● **What to produce**: What is needed is the exact text of each line in the listing below from the one with "International GroupCo.,Limited(苏宁国际)之全资子公司Carrefour China" up to and including the one with "2月22日晚上,福建省委党校", and no pictures.
Content starts
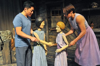 In Euripides' play, Medea is either a monstrous villain, a morally wounded victim, or both, depending on the interpretation taken by any given production or adaptation. Is she a monster who murders the two children she bore with her husband Jason in an act of revenge when he betrays her to accept the hand of a royal princess? Is she to be pitied, driven to filicide by her husband's faithlessness after he used her magical powers to achieve greatness, including capturing the Golden Fleece? Elyanow pursues a different path in The Children. What if a member of the Greek chorus, instead of standing by passively tossing commentary upon Medea's plight, intervenes and swifts the children off to safety before Medea can slaughter them? This Woman of Corinth steals Medusa's book of sorcery as well, using a spell to transport the children, Brother and Sister, to a different place and time, safely away from Medea's crazed clutches. And what if the nursemaid to these children, who has nurtured them since their birth, failing to realize what Medea is about, sees the Woman of Corinth as a ruthless kidnapper and follows them through the warp of time and space, determined to bring Brother and Sister back to their mother's arms? The Woman of Corinth, Brother and Sister, and A Nurse-Maid land in present day Maine, at a seaside cottage just as a category five storm is approaching. The Woman of Corinth hides the children from the Nurse-Maid when the local Sheriff arrives, telling them that they must evacuate the shore due to the storm. The Nurse-Maid sees the Sheriff as Medea in disguise and tries to turn the children over to him ... or her, depending on whose version of truth you follow. The Sheriff is baffled by these zealously dramatic women, surmises they must be performers at the Renaissance Fair, but when he learns that there are children hidden on the grounds he becomes frantic. Already the storm has caused a car to veer off of a bridge, perhaps drowning those trapped within. A parallel story begins to form involving two children, Ben and Lily, and two women, Becca and Joanne. The Children is gripping throughout, strikingly staged, soulfully acted, and replete with compelling language. In spite of this, at many points in its 85 minutes (without intermission) it is hard to track the leaps between the fish out of water story of the distraught Greek women, the plight of Medea's traumatized children, the contemporary story, and the Sheriff's role in bridging these. The play also makes large swerves in tone. At the start, the histrionics of both Woman of Corinth and the Nurse-Maid strike the audience as parody, prompting hearty audience laughter. As the play progresses, it becomes increasingly sober. Happily, by its end the pieces do come together in a satisfying way that generates its own logic regarding hope, love, responsibility and survival. The children in the playMedea's children, Brother and Sister, and the contemporary Ben and Lilyare portrayed by way of puppets beautifully designed by Masanari Kawahara, who had a long tenure as a member of In the Heart of the Beast Puppet and Mask Theatre. The puppets' faces are molded in the form of their respective operators, Kurt Kwan and Kate Guentzel. Kwan and Guentzel give voice to the children while manipulating their heads and limbs, creating full characters that convey their emotions with total conviction. The use of puppets underscores the understanding of the play's origins in the Medea mythology, casting a sense of universality to their vulnerability and courage. Tracey Maloney is terrific as A Woman of Corinth, acting with confidence in the correctness of her intervention, courageous and competent, a citizen who has been spurred to action with no looking back. Michelle O'Neil is her equal as A Nurse-Maid, conveying a near-crazed conviction that only in their mother's arms will these children be safe, and a paranoid-like certainty that everything and everyone is a disguised harbinger of their fate. As the Sheriff, Jim Lichtsheidl neatly moves from a small-town, matter-of-fact presence to a source of insight and bearer of legacy. Noël Raymond directs the play with a steady hand that keeps its desperate parts on track with one another, while building suspense toward an ending that is hard to predict. Joel Sass has designed the seashore cottage setting to be both realistic and fantastical, constructed of rough-hewn boards joined at odd angles, an iconic ship's wheel perched over the door, and a hidden passage that allows for travel between the plays' parallel storylines. When the storm bears full force, the roof timbers visibly crash, aided greatly by Michael Wangen's lighting and Katherine Horowitz's sound design; sound and light also combine to create a beautifully realized underwater scene. Clara Brauch shows wit in her design of the gowns for the ancient Woman of Corinth and Nurse-Maid. Watching The Children is in turns entertaining, confusing, stimulating, perplexing, and rewarding. At times the confusion is disconcerting, and it feels like there are gaps in the flow of the play. On the other hand, some confusion can be a good thing. It can prompt us to wonder what is really going on, who these people really are, and what course of action really is correctjust as these characters must wonder, just as real life is a confusing affair, even as it offers bountiful rewards. The play's inherent rewards and artfully rendered production make The Children well worth a visit. The Children continues through October 16, 2016, at the Pillsbury House Theatre, 3501 Chicago Avenue South, Minneapolis, MN. Regular price tickets are $25.00, Pick-your-price tickets are $5.00 to $50.00. For tickets call 612-825-0459 or visit pillsburyhouseandtheatre.org. Writer: Michael Elyanow; Director: Noël Raymond; Puppet Design: Masanari Kawahara; Set Design: Joel Sass; Costume Design: Claire Brauch; Lighting Design: Michael Wangen; Sound Design: Katherine Horowitz; Prop Design: Ke
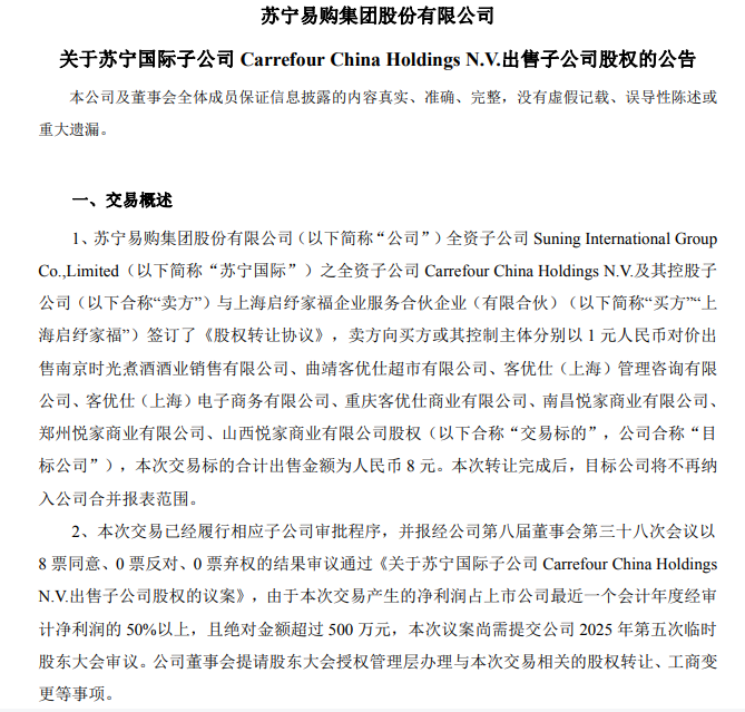 2025年12月10日,苏宁易购公告显示,Suning International GroupCo.,Limited(苏宁国际)之全资子公司Carrefour China Holdings N.V.及其控股子公司与上海启纾家福企业服务合伙企业(有限合伙)签订了《股权转让协议》,分别以1元人民币对价出售南京时光煮酒酒业销售有限公司、曲靖客优仕超市有限公司、客优仕(上海)管理咨询有限公司、客优仕(上海)电子商务有限公司、重庆客优仕商业有限公司、南昌悦家商业有限公司、郑州悦家商业有限公司、山西悦家商业有限公司股权,本次交易标的合计出售金额为人民币 8 元。
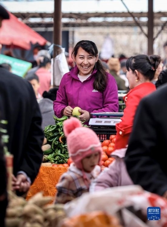 2月26日,在托克扎克鎮(zhèn)農(nóng)貿(mào)市場(chǎng),蔬菜商販和顧客交流。
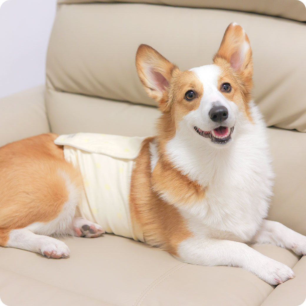 コーギー10.6kg(首36/胴51/丈37cm)のラテちゃんはレモンのXLを着用
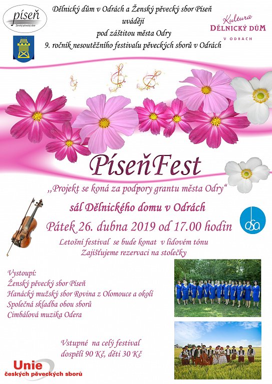 Odry 26. 4. 2019 od 17:00 PÍSEŇ FEST
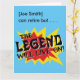 Cartão de aposentadoria divertido para um hilário no dia passado antes da aposentadoria. [Nome da aposentada] pode se aposentar, mas a lenda continuará! Personalize o nome da sua aposentadoria. Ou personalizar o outro texto também, para se adaptar a qualquer tipo de festa de despedida. Há muito espaço para todos no escritório assinarem este cartão grande.
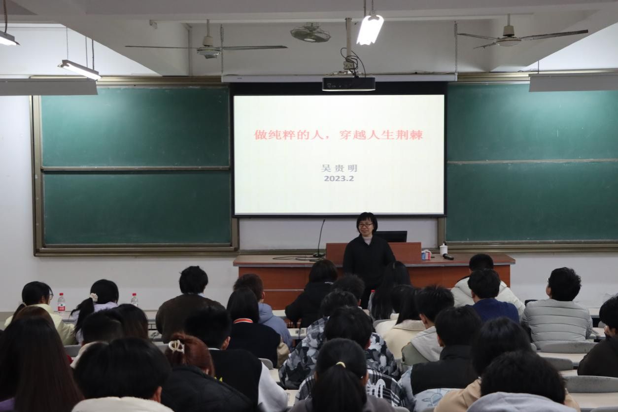 2月22日晚上,福建省委党校吴贵明教授应邀到开云官网作“做纯粹的人,穿越人生荆棘”专题讲座。马克思主义学院部分教师、校习近平新时代中国特色社会主义思想读书社社员等共120多人参加学习。
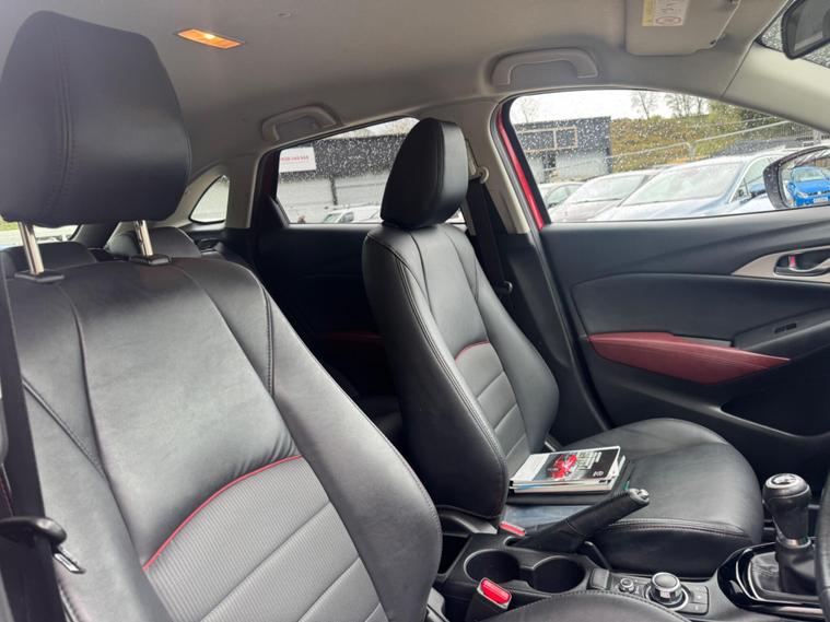 This 2016 Mazda CX-3 SKYACTIV-G Sport Nav is a superb example, having been cherished by just one owner since new. This stylish compact SUV boasts a responsive 2.0 litre petrol engine paired with a capable four wheel drive system, ensuring confident handling in various conditions. As a Euro 6 compliant vehicle, it meets modern emission standards. Inside, you'll find comfort and convenience with automatic climate control, a Bluetooth hands free system for seamless connectivity, and heated front seats for those cooler days. The Smart Keyless Entry adds a touch of modern luxury, while rear parking sensors make manoeuvring in tight spaces a breeze.The CX-3 SKYACTIV-G Sport Nav stands out with its impressive performance, accelerating from 0 to 62 miles per hour in just 8.7 seconds, a testament to its dynamic engineering. Furthermore, its placement in a low insurance group makes it an economical choice for many drivers, indicating a lower cost of ownership compared to similar vehicles. This combination of spirited performance, advanced features, and cost effective ownership makes this Mazda CX-3 a truly appealing proposition..
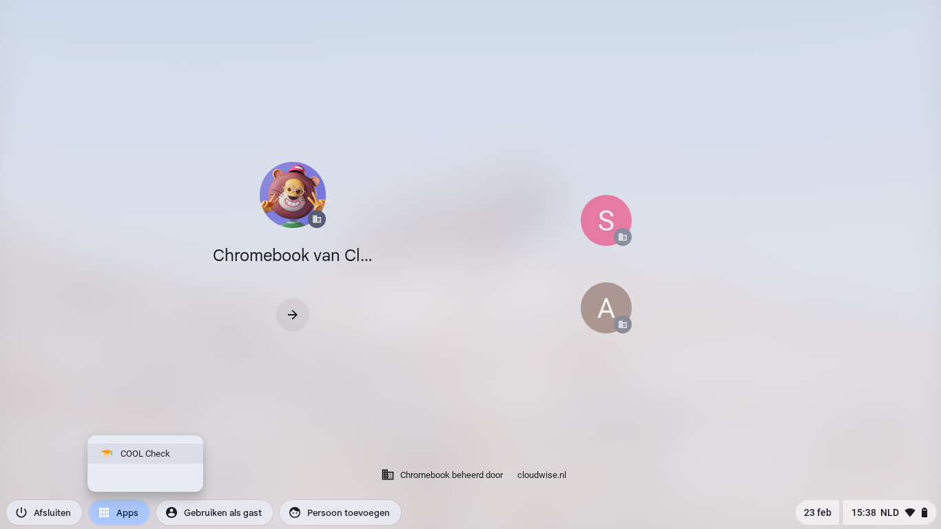 - Op het inlogscherm klikt de leerling op Apps en dan op COOL Check.
Content ends
● **Answer section**:
 2025年12月10日,苏宁易购公告显示,Suning International GroupCo.,Limited(苏宁国际)之全资子公司Carrefour China Holdings N.V.及其控股子公司与上海启纾家福企业服务合伙企业(有限合伙)签订了《股权转让协议》,分别以1元人民币对价出售南京时光煮酒酒业销售有限公司、曲靖客优仕超市有限公司、客优仕(上海)管理咨询有限公司、客优仕(上海)电子商务有限公司、重庆客优仕商业有限公司、南昌悦家商业有限公司、郑州悦家商业有限公司、山西悦家商业有限公司股权,本次交易标的合计出售金额为人民币 8 元。
 2月26日,在托克扎克鎮(zhèn)農(nóng)貿(mào)市場(chǎng),蔬菜商販和顧客交流。
 コーギー10.6kg(首36/胴51/丈37cm)のラテちゃんはレモンのXLを着用
 Odry 26. 4. 2019 od 17:00 PÍSEŇ FEST
 Cartão de aposentadoria divertido para um hilário no dia passado antes da aposentadoria. [Nome da aposentada] pode se aposentar, mas a lenda continuará! Personalize o nome da sua aposentadoria. Ou personalizar o outro texto também, para se adaptar a qualquer tipo de festa de despedida. Há muito espaço para todos no escritório assinarem este cartão grande.
 2月22日晚上,福建省委党校吴贵明教授应邀到开云官网作“做纯粹的人,穿越人生荆棘”专题讲座。马克思主义学院部分教师、校习近平新时代中国特色社会主义思想读书社社员等共120多人参加学习。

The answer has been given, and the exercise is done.